Само собой понятно, что наши ночные беседы очень быстро привели нас к той черте, за которой дружеские встречи обращаются в любовные свидания. Ночная полумгла, тишина спящего дома, долгая близость двух, воздух, напитанный запахом тела, — все это против нашей воля толкало нас в объятия друг к другу. Сам того не желая, я касался ее колен, и меня влекло ощутить прикосновение ее кожи. И я замечал, что она бессознательно, безвольно, теснее прижималась ко мне, давала мне прильнуть к ней ближе.
Когда после долгого разговора о Данте, о бессмертных радостях Паоло и Франчески в аду я, подчиняясь неодолимому порыву, обнял крепко и, сжимая ее стан, сказал ей:
— Вот так разве страшно было бы в аду? Она мне ответила задыхаясь:
— Да, страшно, уже только потому, что в душе жило бы томление о недоступном рае…
Потом, освободившись из моих рук, она добавила:
— Люди, которые весь смысл жизни видят в любви, мне кажутся похожими на скульптора, который заботится только о выборе хорошего мрамора. Любовь сама по себе, должно быть, прекрасное чувство, но оно становятся истинно прекрасным только тогда, когда входит в душу, подготовленную к ней. Из любви, как из куска мрамора, можно сделать все: бога и демона, совершенную статую и безобразный обрубок.
Меня огорчило, что Анни могла рассуждать о любви так хладнокровно.
— Ты говоришь «должно быть», — сказал я, — значит, ты меня не любишь!
(Мы уже давно обменялись клятвами любви.) Анни опустила голову и прошептала тихо: — Иногда…
Разумеется, то, что должно было совершиться с неизбежностью, совершилось. Мы отдались друг другу, потому что были молоды, одиноки, несчастны, потому что обоим нам хотелось ласки и нежности, хотелось чувствовать себя близким кому-то…
Случилось это как-то невольно, незаметно, как могли бы упасть в пропасть дети, игравшие неосторожно на ее краю.
Как ни влекло нас оставаться вдвоем, но мы не могли преодолевать усталость после трудового дня. Первое время мы проводили часто всю ночь без сна, прижавшись один к другому, перед ночным окном, следя переходы ночи в зеленоватый рассвет и янтарную зарю. Утром, истомленные долгим бодрствованием, бледные, бессильные, с истомой в костях, мы в последний раз сжимали друг друга в скромных объятиях, сдавливали губы в прощальном поцелуе и шли на новую работу… Потом мы все чаще и чаще стали засыпать около этого окна, засыпать на полуслове, на ласковом восклицании, и, вдруг просыпаясь утром, виновато и изумленно, мы говорили друг другу не то «здравствуй», не то «прощай». Еще позже, видя, как истомлена Анни, я уговаривал ее лечь в постель, а сам садился у ее ног и дремал, прислонившись спиной к стене… Это была опасная игра детей на краю пропасти…

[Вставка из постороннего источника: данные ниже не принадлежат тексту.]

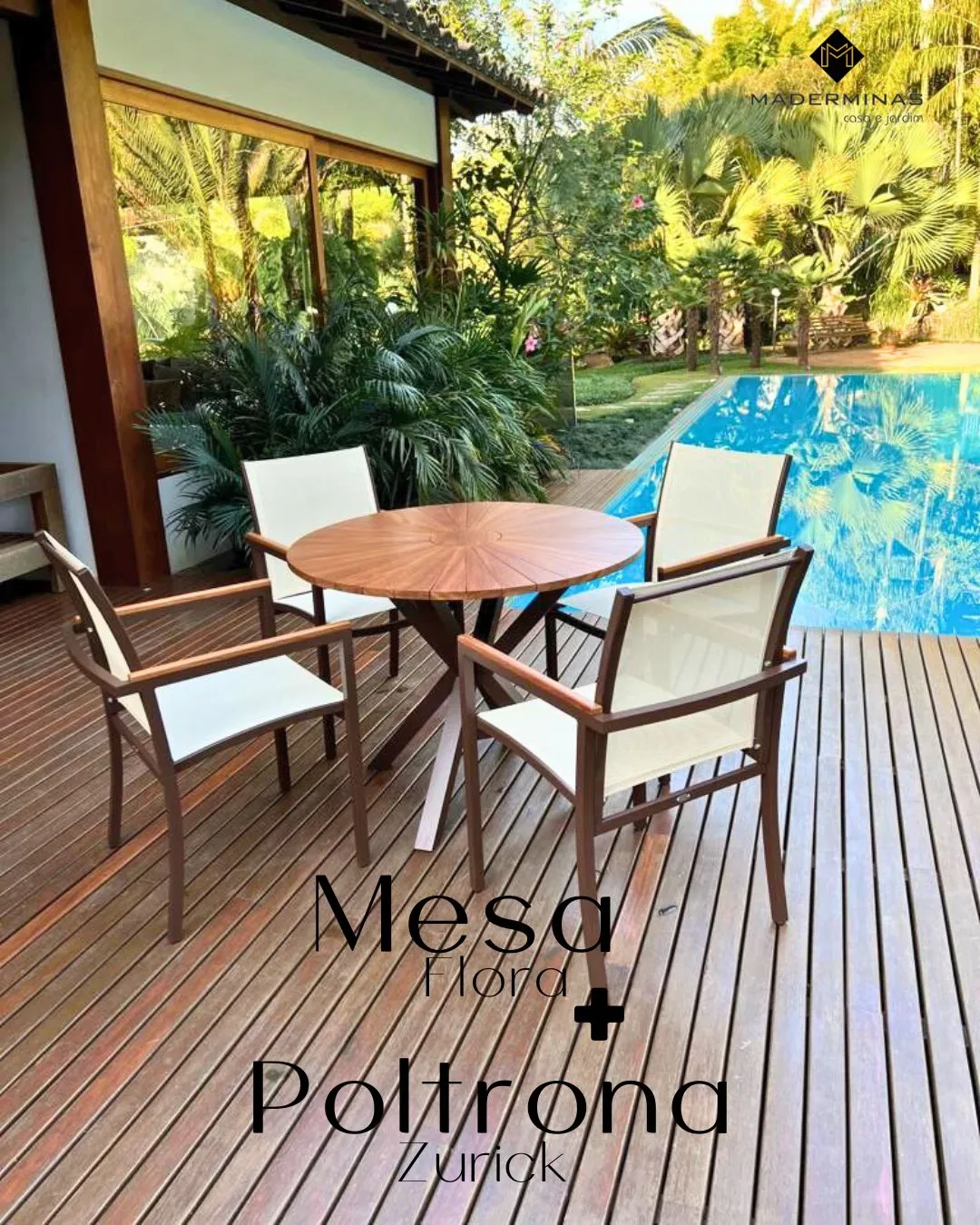 Mesa de Jantar com estrutura em alumínio revestido com pintura eletrostática e tampo em madeira, sem giro.
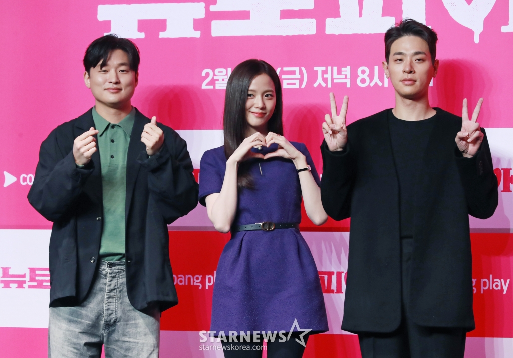 연예방송'뉴토피아, 사랑해 주세요'[★포토]발행 : 2025.01.07 ・ 11:43조회수 :이동훈 기자윤상현 감독, 배우 지수, 박정민이 7일 오전 서울 여의도 콘래드호텔에서 진행된 쿠팡플레이 오리지널 시리즈 '뉴토피아' 제작발표회에서 포즈를 취하고 있다.군인 재윤과 곰신 영주가 좀비에 습격당한 서울 도심을 가로질러 서로에게 달려가는 이야기 '뉴토피아'는 2월 7일 공개된다. /2025.01.07<저작권자 © 스타뉴스, 무단전재 및 재배포 금지>브리핑추천 기사이동훈 기자기자홈좋아요연예-방송의 인기 급상승 뉴스연예-방송의 최신 뉴스AD
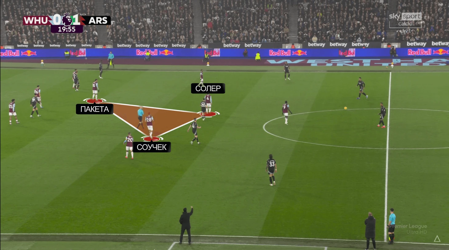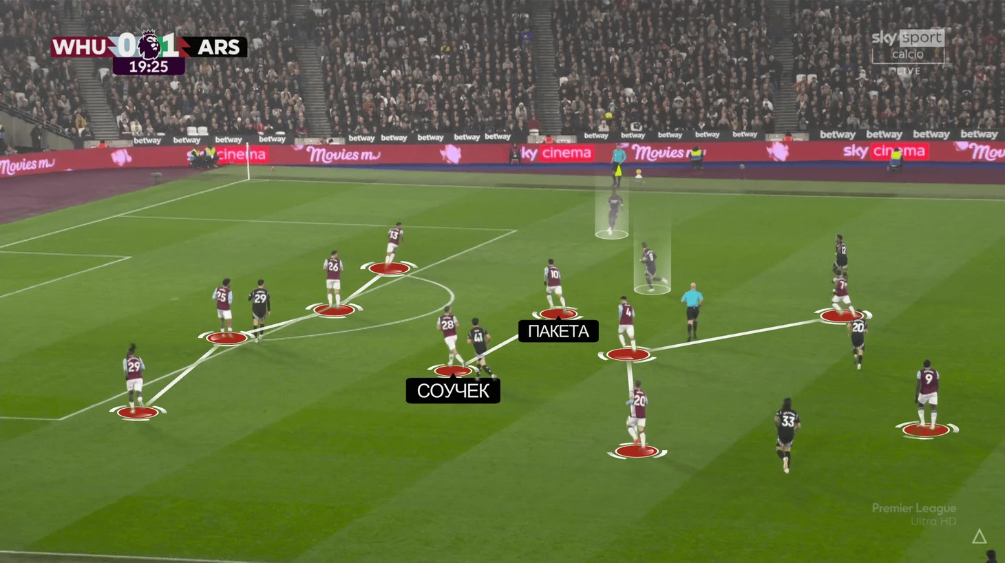 Игра с «Арсеналом» (2:5) – разгром еще одной безумной идеи Лопетеги. В этот раз опорником часто оставался Лукас Пакета – лучший плеймейкер «Вест Хэма». Ниже пример в позиционной защите, но подобное встречалось и в прессинге, когда нужно не только страховать, но и покрывать кучу пространства:
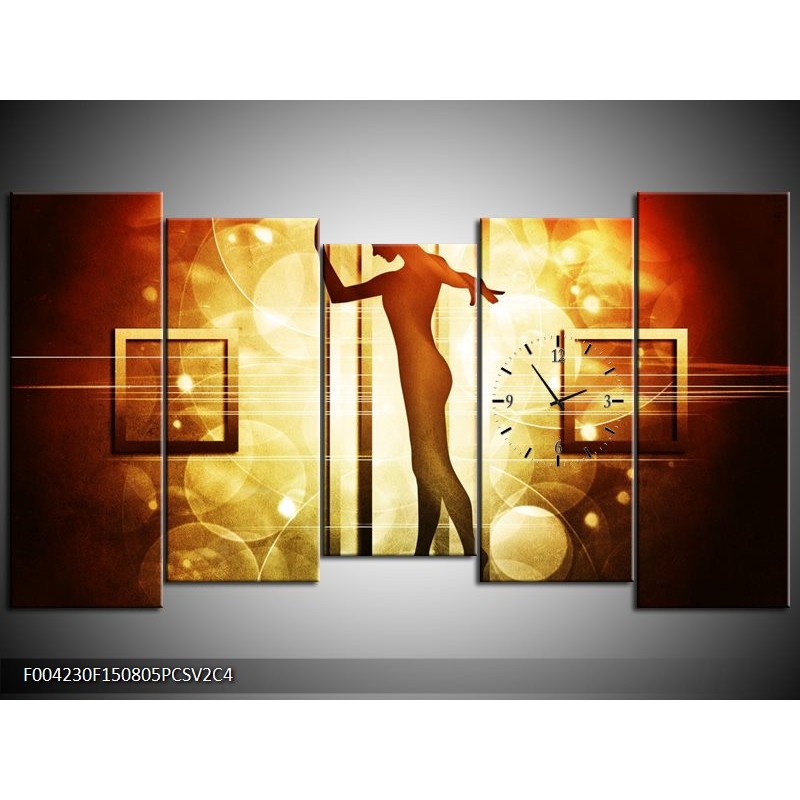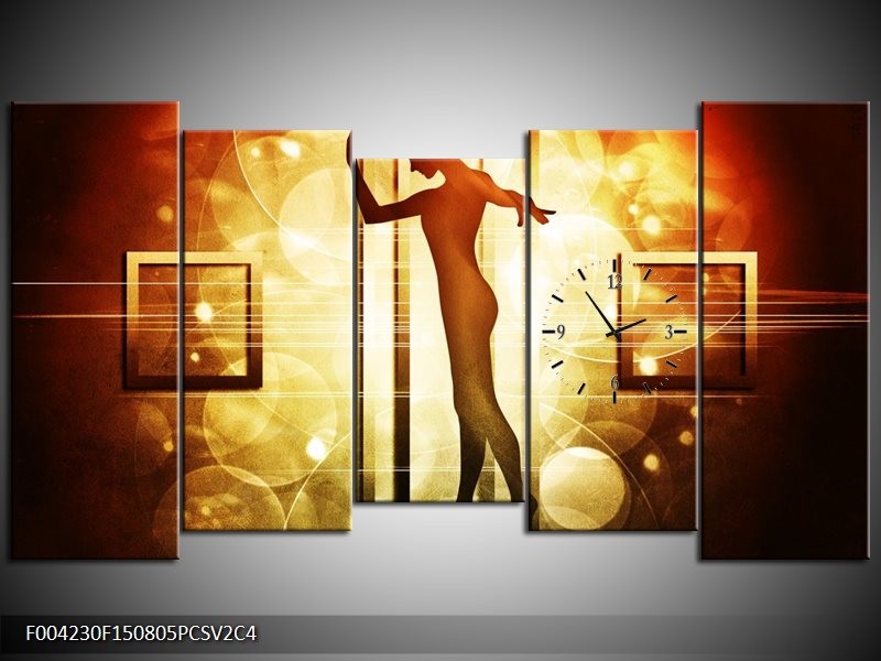 Klok schilderij Dansen | Geel, Wit, Bruin | 150x80cm 5Luik
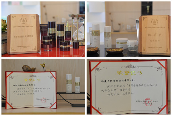 2018年10月9日-12日,由中国香料香精化妆品工业协会举办的、以“挑战 创新 品牌建设”为主题的“2018中国香料香精化妆品行业年会暨会员代表大会”在湖北省宜昌市成功举行。会上还对改革开放40年以来的行业优秀企业进行了表彰,片仔癀化妆品凭借其30多年来的优异质量口碑和企业的务实稳步发展,实力荣获“中国香料香精化妆品行业改革开放四十周年特别奖”和“中国香料香精化妆品行业优秀企业奖”两项荣誉称号。
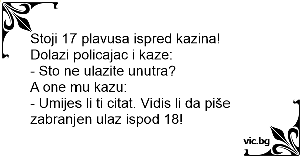 - Umijes li ti citat. Vidis li da piše zabranjen ulaz ispod 18!
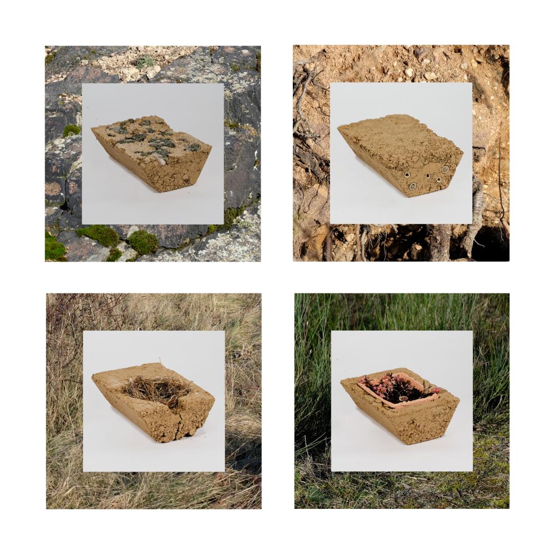 By combining these two aspects, I conceived living structures by integrating different forms into the building bricks, thus creating spaces where biodiversity can thrive. Another key objective on the long run however, is to shine a light on rammed earth, and by giving it visibility showing that sustainable alternatives to harmful construction methods are already at our hands. Thus, next to having a direct impact on biodiversity, the project bears the potential to bring a real change in mentality when it comes to choosing construction materials, whether on a large or small scale. Focusing on adaptability in usage, the project also challenges the paradigm of believing that we must build structures and products for eternity in order for them to be sustainable.
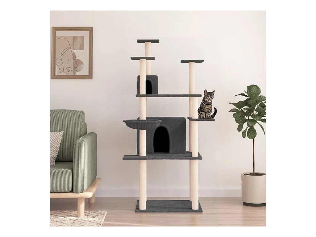 Arbre à chat avec griffoirs en sisal Gris foncé 166 cm OFR50260 BonneVie Meuble
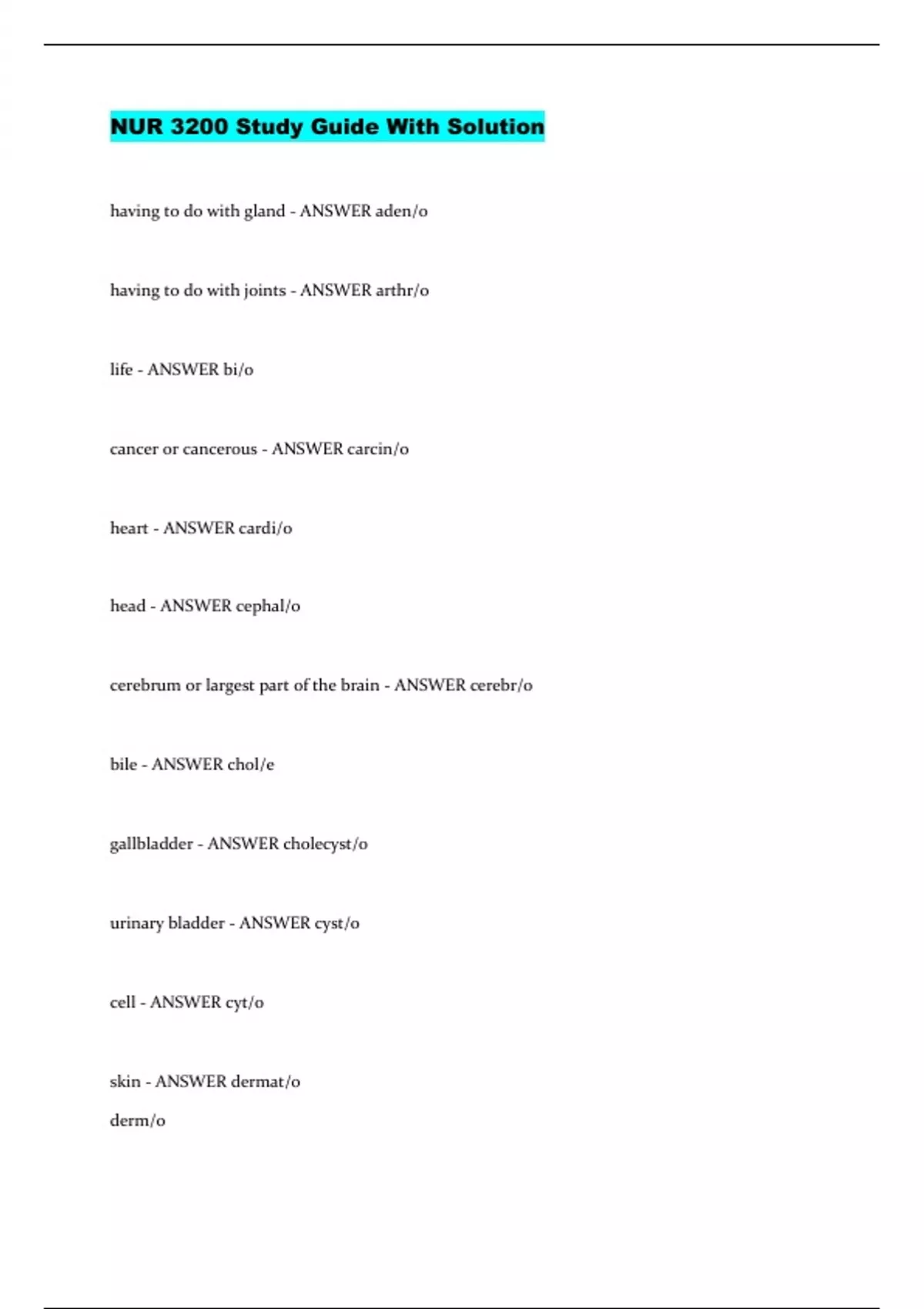 nur 3200 study guide with solution
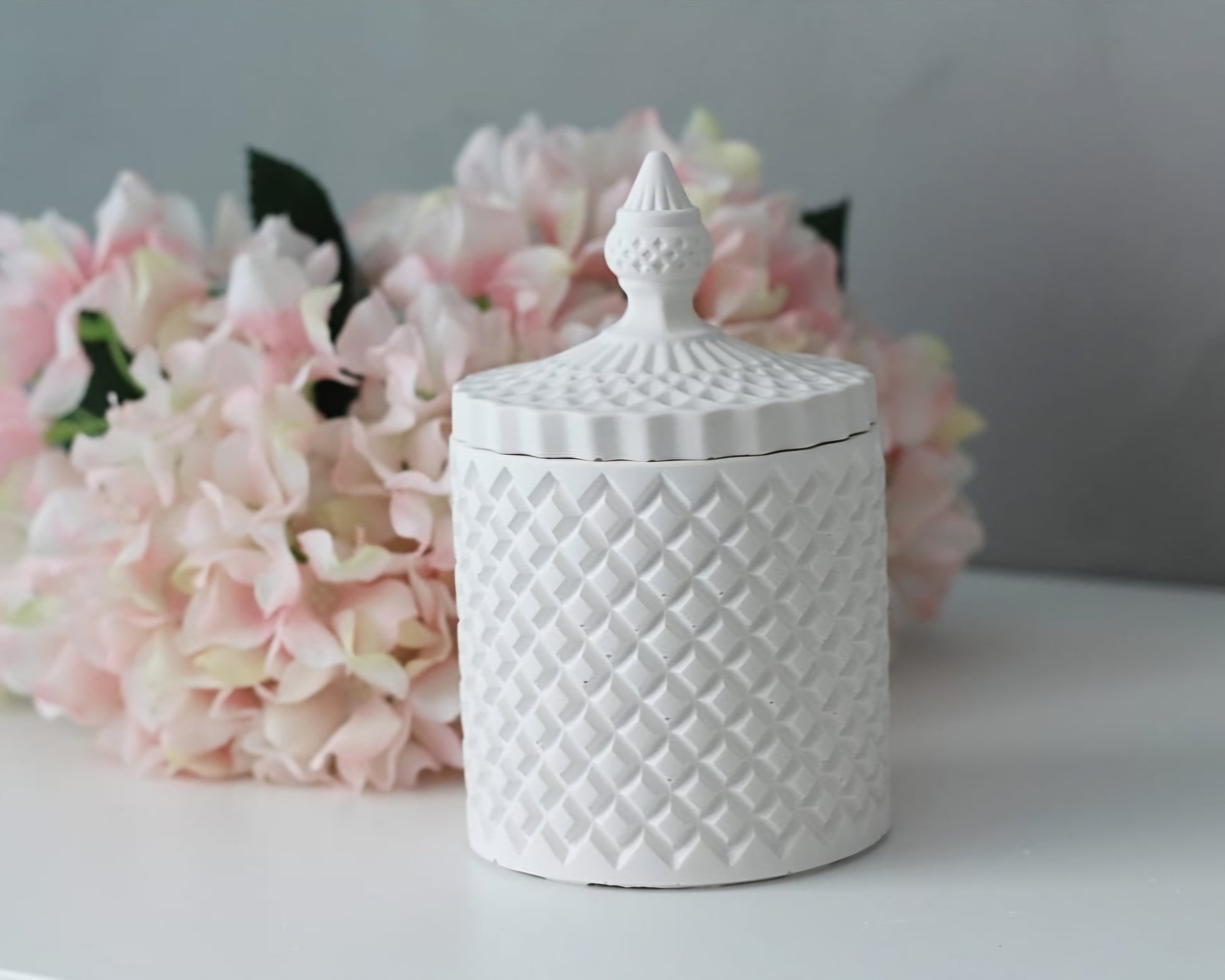 Diese stilvolle Aufbewahrungsdose aus matter Keramik vereint elegantes Design mit praktischer Funktionalität. Die strukturierte Oberfläche im Diamantmuster verleiht ihr einen edlen Look, während der formschöne Deckel mit Griff die Dose perfekt abrundet.

Было все, что бывает в таких случаях, и страдальное «не надо!» женщины, которая ищет последних сил, чтобы отказаться от того, к чему властно влечется все ее существо, и унизительное насилие мужчины, который стыдится показаться слишком робким и уступчивым, и все безобразие неловких, неумелых движений, о которых после нельзя вспоминать без мучительного чувства стыда. Была беспощадность страсти и безудержность отчаянья, были горестные слезы, жалостная дрожь, томительное «оставь меня», и были бесполезные, условные утешения, слова, которые говорятся всеми и не нужны никому. Так, однажды утром, мы расстались, как любовники. Наши товарищи, которые не могли не знать о наших ночных свиданиях, были убеждены, что все это случилось гораздо раньше, и мы были избавлены по крайней мере от нескромных взглядов других…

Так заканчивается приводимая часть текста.